Fair Labor Standards Act in Focus as Companies Attempt to Increase Their Bottom Line

Counsel Financial
July 20, 2016

As companies continue to try to improve their revenues following the economic malaise of the past several years, there appears to be a concomitant increase in litigation involving the Fair Labor Standards Act (FLSA), 29 U.S.C. § 201, et. seq., which became effective in July 2009. One example of this is Darden Restaurants, Inc., of Orlando, Florida, owner of popular restaurant chains Olive Garden, Red Lobster, Longhorn Steakhouse and The Capital Grille.

In October 2012, Darden announced plans to convert some of its approximate 185,000 workers from full-time to part-time employment. The change in type of employment allegedly was in reaction to President Obama’s Patient Protection and Affordable Care Act, which becomes effective on January 1, 2014 and requires companies with 50 or more full-time employees to offer health insurance or be subject to fines of $2,000 per employee.

In the wake of “Obamacare,” it is projected that more corporations will use the new healthcare law as an excuse to take away employee benefits. Darden, like other large corporations, however, must be cognizant that such measures may trigger compliance issues under the FLSA. The FLSA establishes a minimum wage of $7.25 per hour and requires overtime pay for all hours in excess of a 40-hour workweek. The act applies to employees working in both the private sector and in federal, state or local government jobs. The act also ensures that men and women working at the same job, performing with the same level of skill, experience and responsibility, will be paid equally, inclusive of regular wages, paid leave, tuition assistance and other benefits.

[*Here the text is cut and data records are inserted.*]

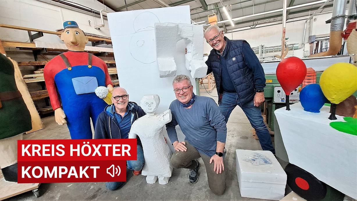 Ohne Spaß geht's nicht: Frank Janßen (v. l.), Matthias Walbaum und Klaus Ovenhausen haben mit einem ganzen Team voller kreativer Jecken eine ganz spezielle Deko für Steinheims Verkehrsinsel in der Hospitalstraße geschaffen. | © Neue Westfälische
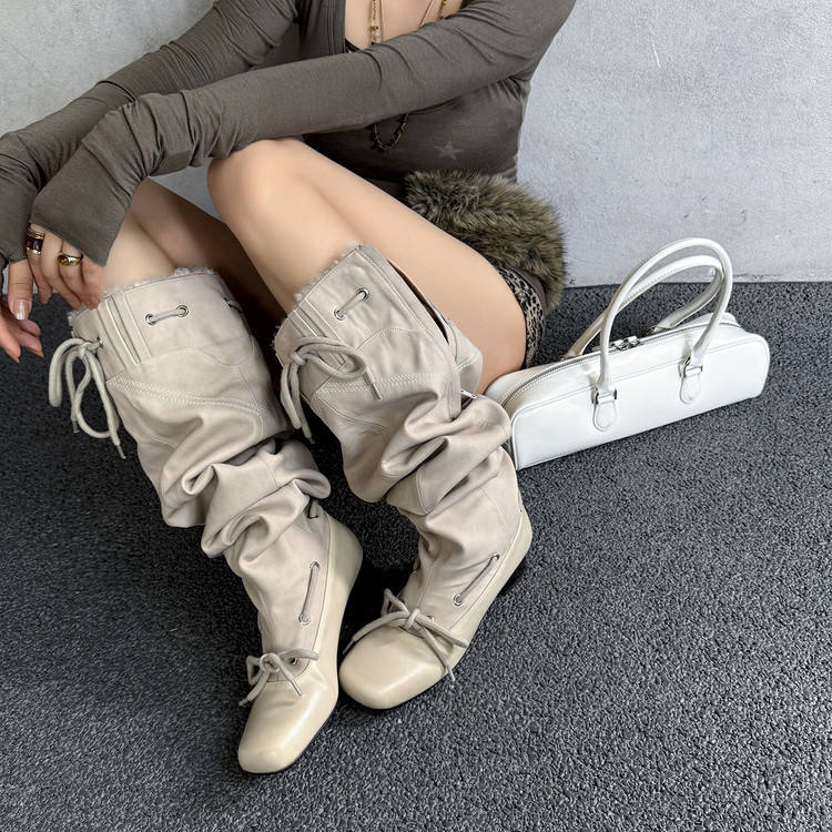 เสื้อคลุมมีฮู้ดทรงวีคอกลม แฟชั่นใหม่สำหรับฤดูใบไม้ร่วงและฤดูหนาว สวมใส่ได้หลากหลาย ผลิตจากหนังวัวแท้ พร้อมส้นรองเท้าสูงปานกลาง กันน้ำ กันลื่น ทนทาน
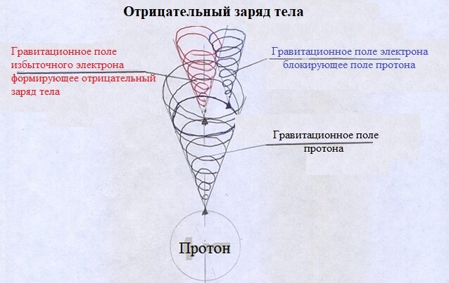 Когда у поверхностных атомов тела нет одного электрона, то гравитационные поля протонов выходят за границы тела и это трактуется, как положительный заряд тела. Когда в атоме избыточный электрон, то тогда гравитационное поле этого электрона выходит за границы тела и это трактуется, как отрицательный заряд.

Darden has previously been the focus of potential FLSA violations. On September 6, 2012, Darden was sued by non-management employees in the case Mathis v. Darden Restaurants Inc., in the U.S. District Court, Southern District of Florida. The Mathis case involved allegations by employees that Darden did not pay them minimum wage, that employees could not clock into work until the first customers entered the restaurant and they did not receive proper payment for overtime work performed. The employees contended that they were entitled to back pay because Darden required them to conduct general maintenance and prep duties after they clocked-out for which they were not paid. Additionally, some of the employees earned a tip credit wage of approximately $2.13 per hour, rather than the FLSA mandated minimum wage of $7.25 per hour, even though they performed work where they would not receive any tips.

Darden was also accused of firing two workers in retaliation for their joining the lawsuit. An injunction to restore their jobs was denied on March 4, 2013; the judge explained that the injunction did not meet strict legal criteria and as such, the decision was better left to a jury. It was also reported that Darden officials questioned some of the 54 employees involved in the lawsuit. They have since been informed not to do so without notifying Plaintiffs’ counsel. The case is currently in discovery.